Stephens Lake Park is a park located in Columbia, Missouri.  Dating back to the early 19th century, the park contains structures that were built using slave labor.

Today it serves as an arboretum with a lake, and a park spanning 116 acres. It is often used as a live music venue..

History 
In 1818, a man by the name David Gordon built a cabin on the area that would become the park. In 1823, The David Gordon House and Collins Log Cabin were built using slave labor. After construction of the manor was complete, the Gordons turned their cabin into slave quarters .

The area was owned by the Gordon family for over a century.

According to a news article from KRCG, someone purposely set David Gordon House on fire on November 9, 1998.

The park was reopened in 2001. 

An amphitheatre in the park was opened on June 26, 2010.

Discovery Garden 

The park contains a garden called Darwin and Axie Hindman Discovery Garden, it was built to honor Darwin Hindman and Axie Hindman.

Wildlife 
Enchenopa binotata have been found at the park.

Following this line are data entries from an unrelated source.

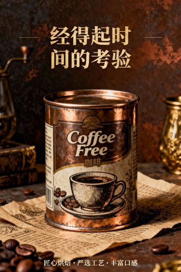 插画风拼贴设计,拟人化咖啡元素环绕,突出“NO.1”促销感,节日氛围浓厚,视觉冲击力强。
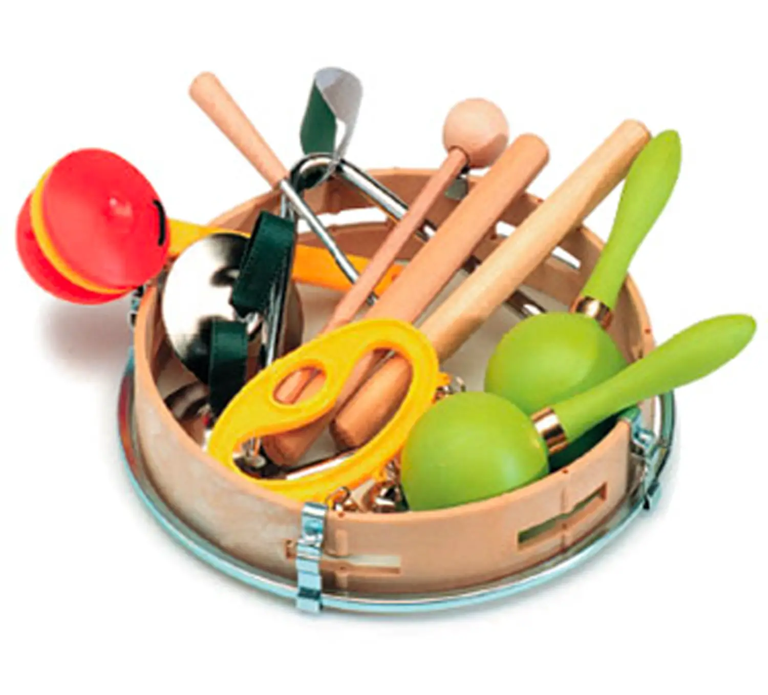 - ✅ Set completo di strumenti musicali ritmici: clave, maracas, piattelli, tamburello, triangolo e altri, per stimolare la scoperta musicale dei bambini.
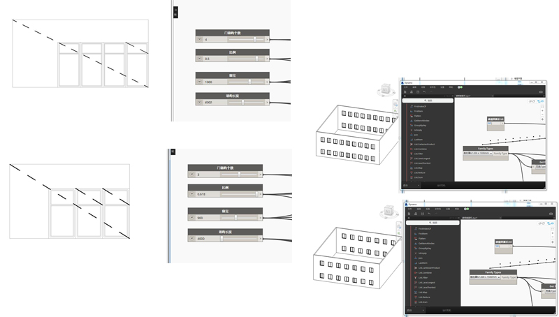 第一个是立面设计,这个不是曲面,只是用同等比例的控制线去推敲进行窗与墙的比例关系,参数化设计从数据生成模型,关键在于控制的变量,这里的变量我给了四个,分别是门窗的个数,比例,门窗的宽度和墙的长度。
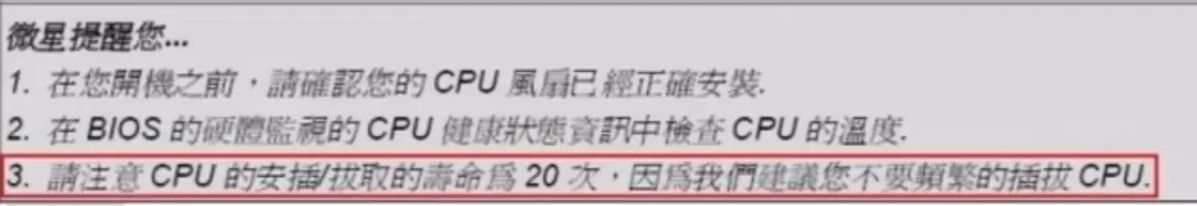 我在网上搜了一下,看到了微星主板的说明书,里面的一句话让我有些为难了。说明书上写着CPU插槽使用寿命只有20次,莫非,寿命已经到了?
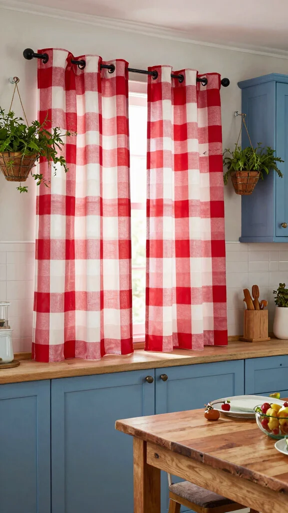 Colorful checks and plaids give your kitchen instant cottage-charm. Mix a few patterns and pops of red, blue, or green, and you’ll create a playful, timeless look with half window curtains kitchen flair.
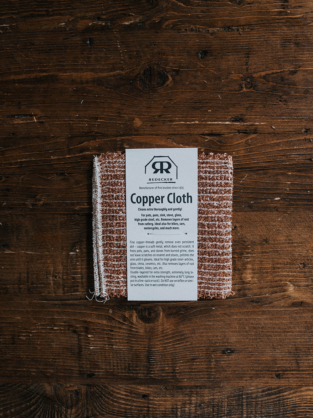 Fine copper threads gently remove persistent burned on cooking grime. This set of two handy cloths has been designed so as to not leave scratches on enamel and stoves. The copper fibre also has the added benefit of polishing sinks, pans, ovens, ceramic cook tops, glass and stainless steel basins as it cleans. Do not use on teflon or non-stick surfaces. 100% recyclable.
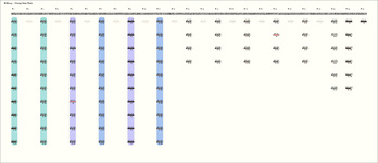 - Each group is unified by color. In part 1: group 1 is CB-W or CB-B; groups 2 and 6 are DB-W; groups 3 and 4 are CB-W; and group 5 is CB. The markers between them are short B cords. In part 2: groups 1, 2, and 4 are CB-W; group 3 is DB-W; and group 5 is B-W. In group 6, 4 of the pendants are GG-W and 2 additional pendants (1 between positions 1 and 2, and the other between positions 2 and 3) are DB:W. In part 3, with the exception of the first pendant, the group is DB-GG.
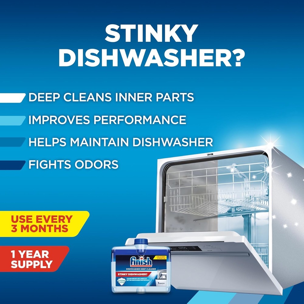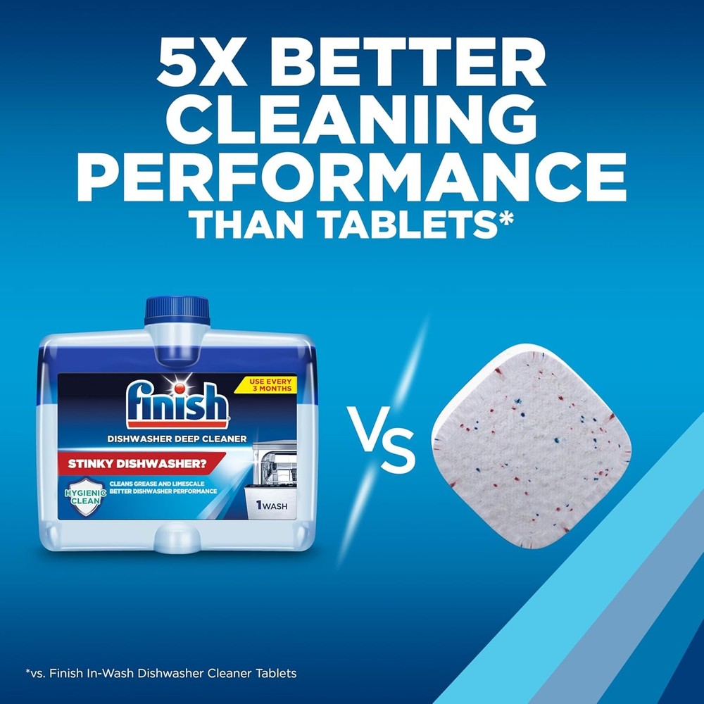 Finish Dishwasher Cleaner Liquid Deep Clean Grease Limescale Odor Control 4 Pack Brand Finish Item Form Liquid Scent Unscented Specific Uses For Product Dishwasher Material Feature Mineral Based, Unscented Features DEEP CLEANS INNER PARTS: Finish Liquid Dishwasher Cleaner targets hidden grease, hardwater buildups, and limescale in spray arms, filter, and pipes for a hygienic clean. IMPROVES DISHWASHER PERFORMANCE: Your dishwasher cleans dishware better with Finish dish washer machine cleaner. FIGHTS ODORS AT THE SOURCE: Neutralizes lingering smells and keeps your dishwasher fresh after each use. HELPS MAINTAIN DISHWASHER HEALTH: Use every 3 months to help keep your dishwasher clean and performing at its best. 5X MORE CLEANING PERFORMANCE: Finish dishwasher cleaners have 5X more cleaning performance than dishwasher cleaner tablets. COMPATIBLE WITH MOST DISHWASHERS: Works with standard, older, and small dishwashers for flexible, reliable use. EASY TO USE: Empty your dishwasher, remove sticker on the top, place the bottle upside down in the bottom rack and run a hot cycle. Let Finish does what its best at! FINISH YOUR CLEAN: Use Finish Machine Cleaner Liquid, Finish Jet Dry dishwasher rinse aid, Finish Ultimate dishwasher detergent pod for the optimal dishwashing experience. Shop today our dishwasher supplies, like Finish dishwasher pods and rinse aid. Disclaimer: *vs. dirty dishwasher. vs. Finish Dishwasher Cleaner Tablets Our Business 100% Customer Satisfaction We go above and beyond to ensure you receive the best level of service. Returns We want you to be happy with your purchase, however in the rare occasion that you are not, please let us know and we will contact you to arrange either a collection or a refund. Please CONTACT US before leaving any negative feedback and we will promptly sort out any issue with your order. 8100379

According to the Missouri Department of Conservation; Stephens lake contains species like Black Bass, Catfish, and Bluegill.

Stephens College purchase 
In 1926, the area was bought by Stephens College. 

The city of Columbia later purchased the park.

Concerts 
The Roots N Blues Festival is held annually in the park.

According to Concert archives, 8 concerts have taken place at the park.

Musicians like Dale Watson and Alejandro Escovedo performed concerts at the park in 2013.

Amos Lee and Rosanne Cash performed a concert in 2014.